Yes, agreed. And when you think about the work that you do, and maybe give us a little snapshot of who you are, where you are in the world, and what you do in your day to day, could you give us an introduction.

I'm a Scottish person living in the southwest of England in a place called Bristol. I'm a sole parent to a nearly 18 year old at the time of recording. So if I take you back 10 years ago, I left my job thinking I had early onset dementia. I'd been a senior exec in financial services, leading global transformation projects and programs, dealing with regulatory and compliance change. So lots of complex, intellectually stimulating work working with big teams and really thrived in everything that I did. But I got to the point where I was struggling to speak up in meetings because my throat was so tight with anxiety, I could barely squeak a word out without sipping hot water or holding on to the arms of a chair, watching the clock tick down in a meeting because my heart was beating out of my chest and I thought I'd fall on the floor if I let go of the chair.
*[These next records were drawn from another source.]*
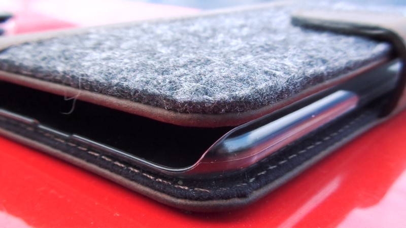 Одночасно з цим, виробник передбачив можливість захисту кутів смартфона, а також його бокових граней тим, що залишив відступ між кромками пластикового і шкіряного чохла на користь останнього.
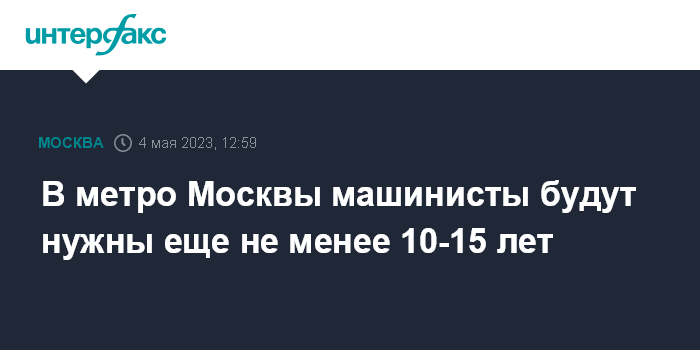Москва. 4 мая. INTERFAX.RU - Работа машинистов московского метро останется актуальной в ближайшие 10-15 лет, у властей нет самоцели перейти на беспилотное управление поездами, на данный момент нет технологических решений для такого перехода, сообщил CNews заммэра столицы по вопросам транспорта Максим Ликсутов.
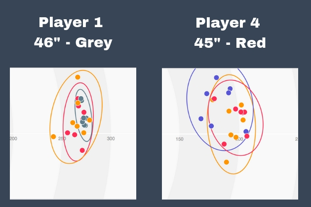 There were two players who had one length substantially outperform the others for distance consistency – Players 1 and 4. Player 4 was best with 44″, but Player 1 was best with 46″. Our other testers were a mixed bag, but the differences between lengths were not substantial.
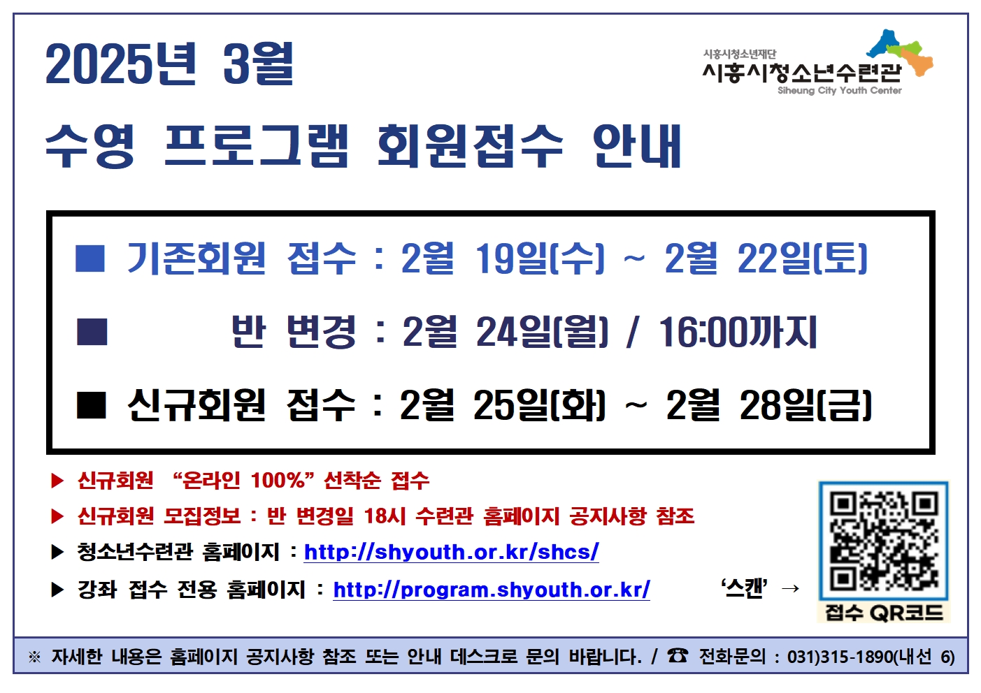 2025년 3월 수영 프로그램 회원(기존/신규) 접수 기간 안내 작성자 관리자 등록일자 2025년 2월 14일 14시 47분 17초 조회 570 기존접수 배너(25년 3월)001.jpg [ Size : 558.1KB , Down : 1,206 ] 미리보기 다운로드 목록보기
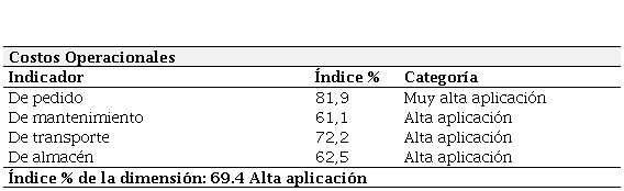 En cuanto a la dimensión costos operacionales, la tabla 4 muestra como resultado un índice porcentual promedio de 69,4 que al ser comparado con el baremo de interpretación le ubica en la categoría de alta aplicación. En lo que respecta a los indicadores que la componen se observa que el indicador denominado de pedido alcanzó resultados porcentuales de 81,9% que lo ubicaron en muy alta aplicación. En tanto que se observan oportunidades de mejoras para loa indicadores de mantenimiento, transporte y almacén, los cuales obtuvieron resultados (61,1; 72,2; y 62,5 respectivamente) que les ubicaron en la categoría de alta aplicación.
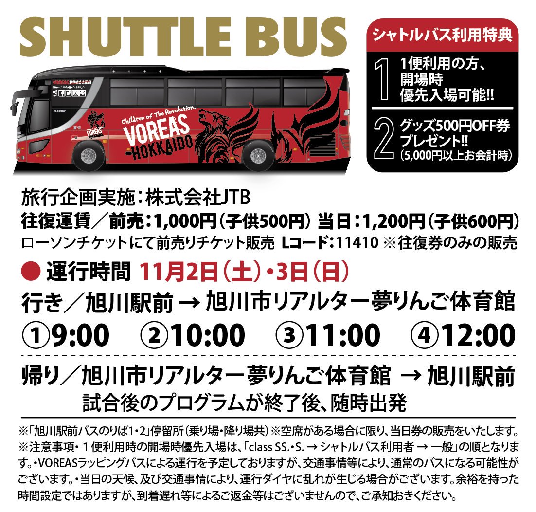 「市外から行くから、会場までのバス調べなきゃな…」なんて人もいると思います。でも安心してください~!試合会場によりますが、今回の開幕戦と次回1月のホームゲームでは、旭川駅と会場を往復するシャトルバスが運行されるんです。
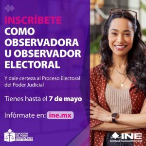 Las solicitudes estarán abiertas hasta el 7 de mayo de 2025, para participar en la supervisión de la elección de cargos del Poder Judicial de la Federación.
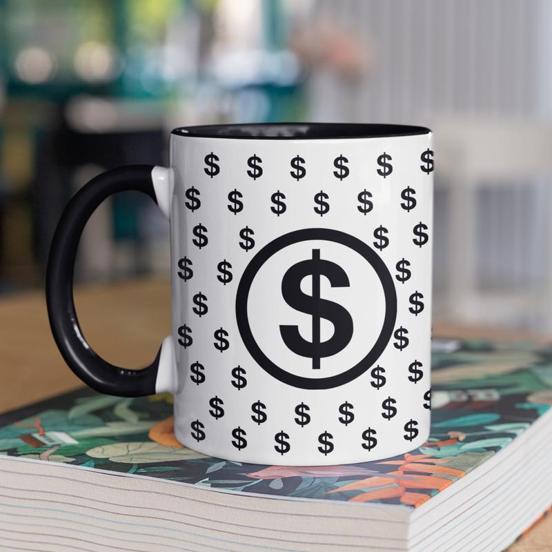 Чашка керамічна з принтом "долар" 330 мл, біла з чорною ручкою

Anyway, after a period of time, about 18 months, I genuinely thought I'd early onset dementia. So I left my job and you could have knocked me over with a feather if I hadn't already been sitting down when my doctor turned around and said, you've just been through the menopause. So in that minute I was like elated. I was the happiest menopause of women in the UK. And I literally turned around to my doctor and I remember sitting here, I'd been sitting there in tears and I'd been really upset. And all of a sudden I was like, my goodness, menopause, is that all this is? And I remember leaning forward in the chair and looking at them in the eyes and going I have to stop anyone else from going through this. I have to stop any other employer from losing valuable, talented individuals because this is something that's entirely avoidable.

And I say that because I've got a really deep background in anatomy and physiology, personal training, sports therapy, psychology, mental health. I was aware that intellectually, this was something we can manage, but I was clueless.

I thought if I'm clueless with my background, then how do people learn about menopause?

And I soon discovered afterwards that people just don't. And yes, we've seen a lot of change in the last 10 years, but we still got such a long way to go.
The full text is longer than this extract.